Once vcvco2 is on the correct IP address, you can power on vcvco1
Browse to https://vcvco2:8283, logon as vmware.
On the Network area, select the correct IP address and apply changes.
Configure the cluster
Cluster mode, both nodes up
Browse to the vCO Configuration web interface, http://vcvco1:8283. Logon as vmware.
Under Server Availability, select Cluster mode
Set the number of active nodes to 2, leave the heartbeat values at default unless you have a reason to change them. Click “Apply Changes”. Note that there will be times when you’ll have to set the number of active nodes to 1.
Under Startup Options, restart service. This may not be necessary, but in my case, the nodes were not listed until after I restarted the vCO service.
Repeat steps 1-4 on vcvco2
Preparing to load-balance Note – this worked for me, YMMV
Using vCNS Manager, locate the appropriate edge gateway, click Actions|Manage to open it for editing
On the Configure Tab, edit the interface that will listen on the virtual IP
Edit the Subnet and add the Virtual IP. It’s probably not the primary IP. Save and publish those changes.Add the virtual IP to the Edge Gateay
On the Load Balancer tab, on the Pools page, click “Enable”, then “Publish Changes”
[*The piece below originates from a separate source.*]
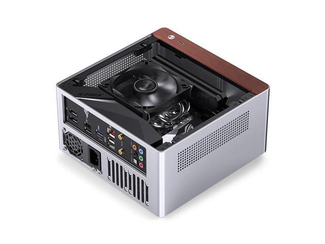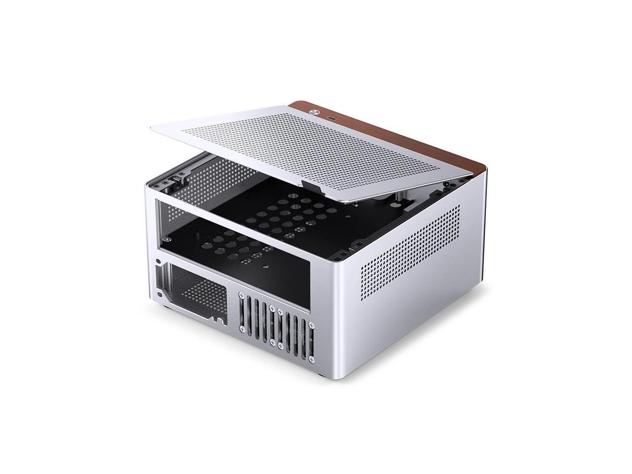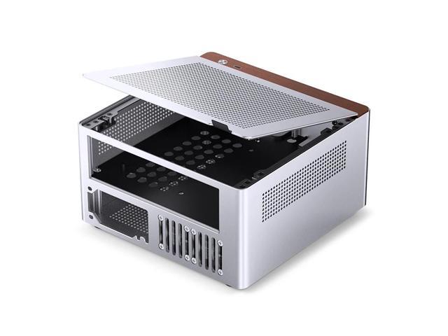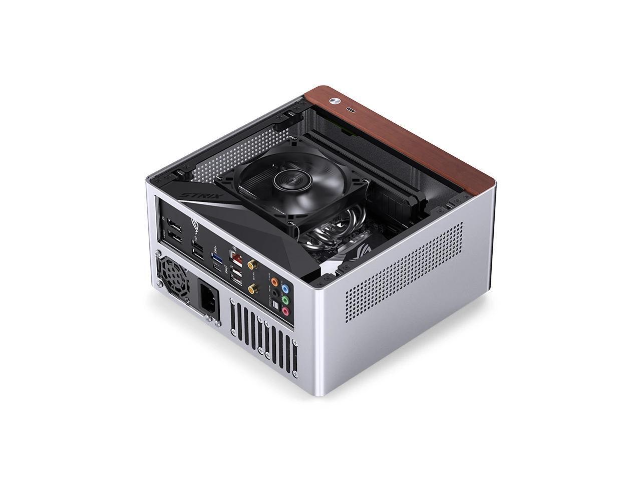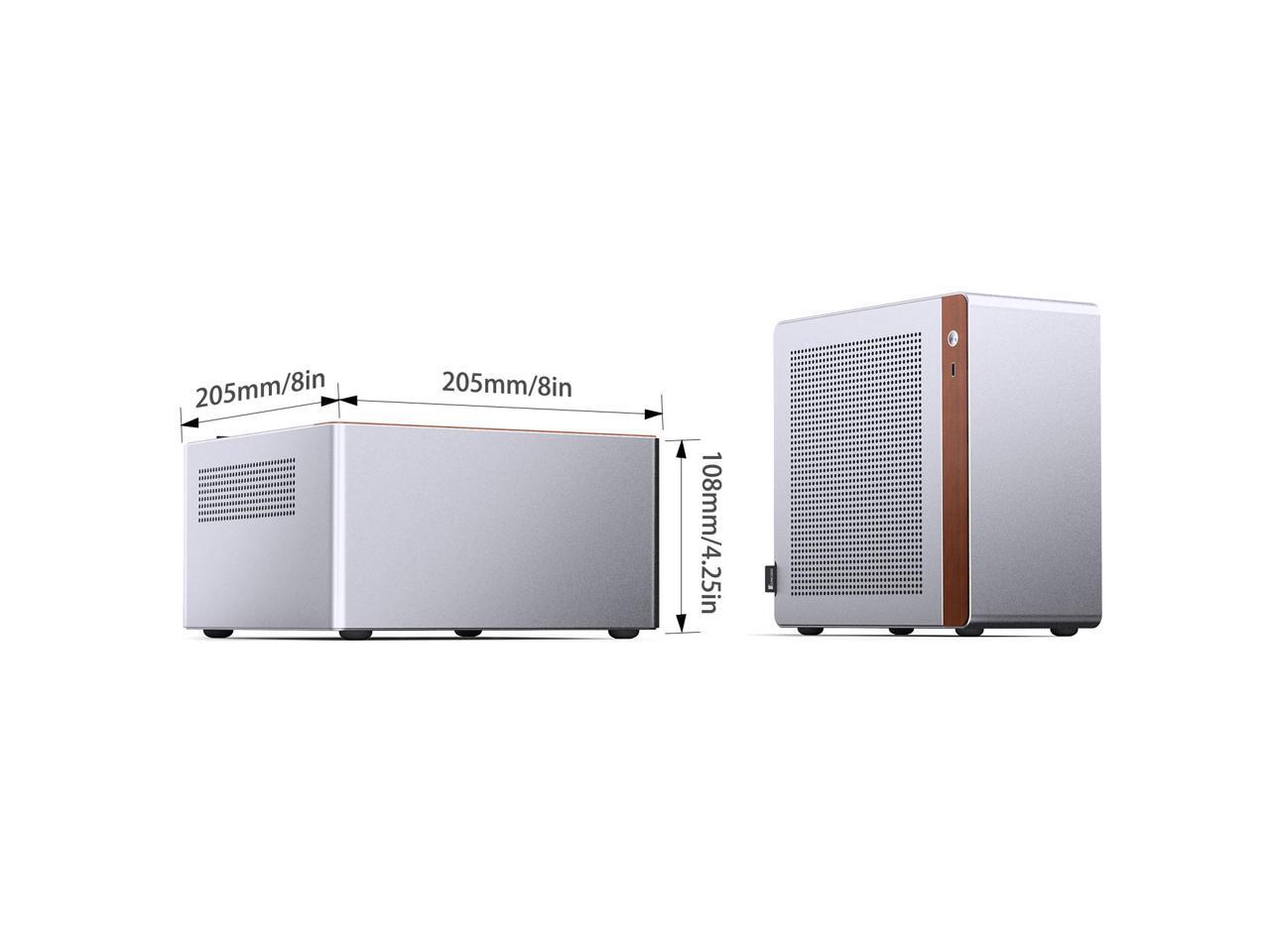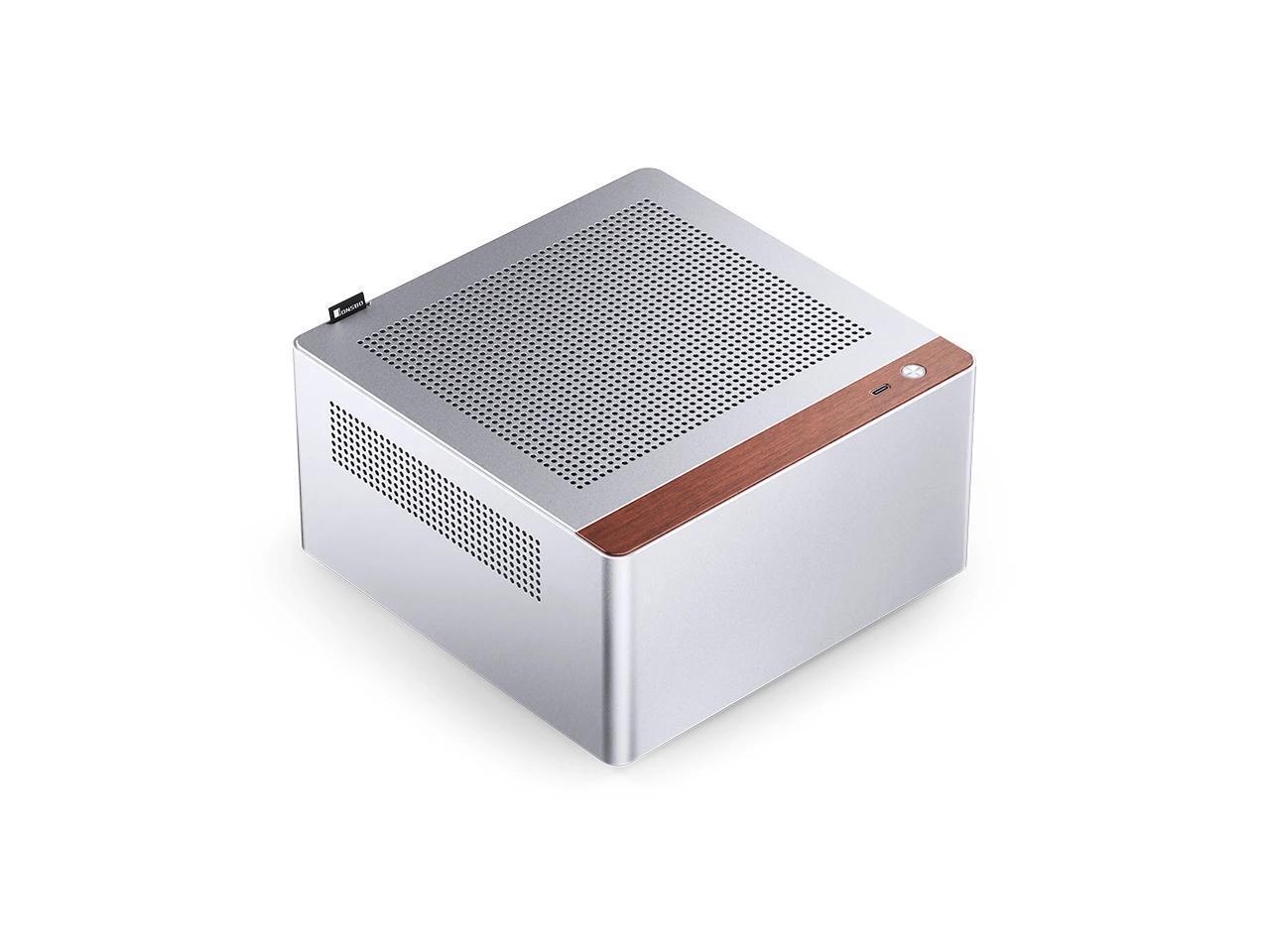 JONSBO N10 SILVER MINI ITX PC Case, Aluminum Alloy with Walnut Trim Desktop Case, Standing or Lying , Compatible with 1U Flex PSU,Compact & Portable 4.5L SFF Case, With 2Fans,4x2.5"SSD,SILVER

Click the green plus to add a load-balancing pool
Enter a recognizable Name and Description, click “Next”.Load Balancer Pool
On the Services step, check HTTPS, set Balancing Method to “ROUND_ROBIN” and the Port to 8281.Clck “Next”.Services (HTTPS:8281)
On the Health Check step, set it as shown. Click “Next” when done.Health Check
On the members step, click the green plus to add the IP address of yourvCO servers to the pool. I suggest keeping the weight for each at 1, while both nodes are active. There are times when you’ll want to make one node active though (details below). Keep the HTTPS port and Monitor Port at 8281 for each. Click “Next” once all you membersare added.vCO Members
Review the Ready to complete step and click “Finish” if it all correct
Click the Publish Changes Button before proceeding
Click the “Virtual Servers” link, then the green plus to add a Virtual ServervCO Virtual Server
Enter a meaningful name and description, provide the Virtual IP adddress that you added to the edge earlier, select the Pool created in the steps above and Enable HTTPS on port 8281. Set the Persistence Method to SSL_SESSION_ID and make the “Enabled” box is checked. Click “Add” then “Publish Changes”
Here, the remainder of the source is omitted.